The year 2020 saw the rise of bitcoin and other cryptocurrencies. Many saw it as the goldrush of the 21st century. Everyone wanted a share of the pie. Bitcoin saw its adoption by firms and big businesses. Certain governments adopted its usage. Retail investors who were not able to buy the ‘virtual gold’ invested in alternate cryptocurrencies. This resulted in cryptocurrencies reaching all-time-highs with many retail investors buying at the peak.
But nothing good lasts forever. The bull circle reached its natural peak. The bear market followed. First day traders were liquidated. Then other investors saw their investment plummet. Thousands of dollars reduced to cents. People panicked, sold and the fall went deeper. For some, this was an economic disaster, and it still is.
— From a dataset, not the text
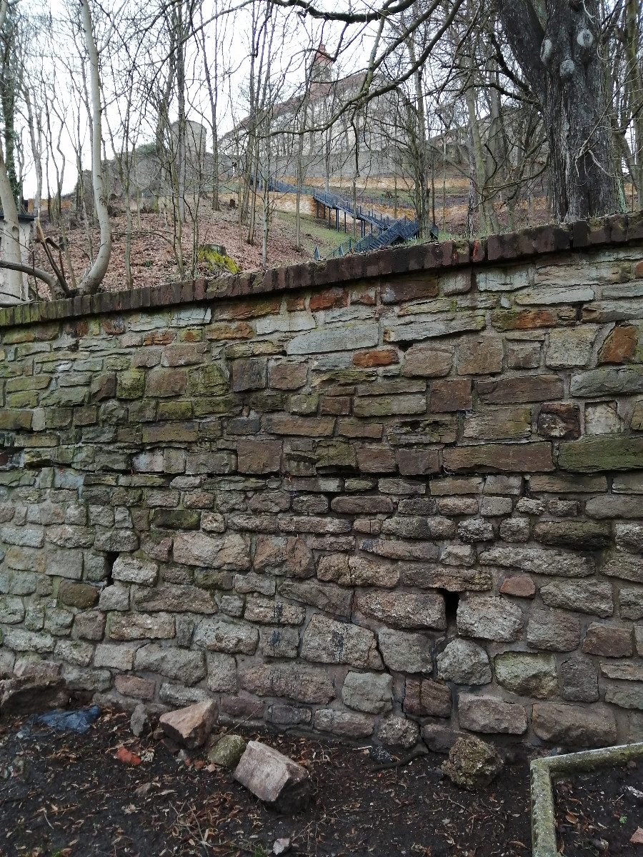 Zeď: tady stával sloup, do něhož se odvážně padalo.

How can you develop resilience in this circumstance? Be informed. The financial market moves in ebbs and flows. After a long flow (uptrend), a retracement is bound to follow. The higher and longer the trend, the lower and longer the accompanying retracement. Will the retracement last forever? No. There’ll be another trend, and subsequent retracement, and more trends and retracements. This is an endless cirle.
Having this information can keep you sane. You will be able to create strategies to harness the good days, and endure the bad days.
Learn as much as you can about a difficult time. Do research. Understanding your situation will help you make better decisions. Keep a diary and have a written strategy of how to cope.
This can keep you sane in the most trying financial situation.
Speaking up in difficult times is viewed as feminine. For many men, bottling up emotion is a proof of manliness. But the opposite is true. During difficult times, your emotion is the first to take a beat. And it appears there’s a big under-sea cable that connects your mind to your emotion (call it NORDStream 3).
Expressing your feelings to a confidant can be a coping mechanism. My former employer used to say that when you’re stuck with a problem, speak to someone. Explain the problem to him or her. You’ll probably not get a solution, but sometimes just verbally explaining the problem to someone else can trigger a chain of thought that leads to the solution. Even if you don’t get a solution, speaking up can free your emotions, and help you endure a financial crisis. Not to mention the fact that the solution to many problems usually come from unlikely sources. So speak-up. The next suggestion might just be the solution to the problem.
Remember to keep a journal. This is another important way to free your emotion.
During a financial crisis. The sense of self-worth is low. You might, at times, feel like a failure.
To counteract this feeling, it is important to set short term goals and strive to achieve them. For example, if your circumstance makes you stay home more, you can set a goal of being a better husband to your spouse. You can learn to cook new food recipe. You can learn a new instrument (if you consider it a short goal). Set a goal to read up on information relating to the financial crisis.
Setting goals and watching yourself achieve them can lift your self esteem. A good self esteem is a coping mechanism that cannot be underestimated.
Directly related to setting goals is to keep busy. When you’re busy, time flies. Even the worse financial situation has its expiry date. The problem is waiting to see it end. But if you’re busy, achieving short term goals, you loose track of time. You take your mind of yourself.
At one time or the other in our lives, we’ll all go through a crisis phase. For many, it will be financial in nature. Every financial crisis, has a beginning and will surely have an end. It doesn’t have to end our lives. Developing resilience will not just help us to cope, but can be the spring board to financial success. Remember, Elliot wave after the first retracement, or set-back, there is a bigger and longer impulse wave.
Resilience will see you through the setback. And you’ll be better prepared to ride the next positive wave.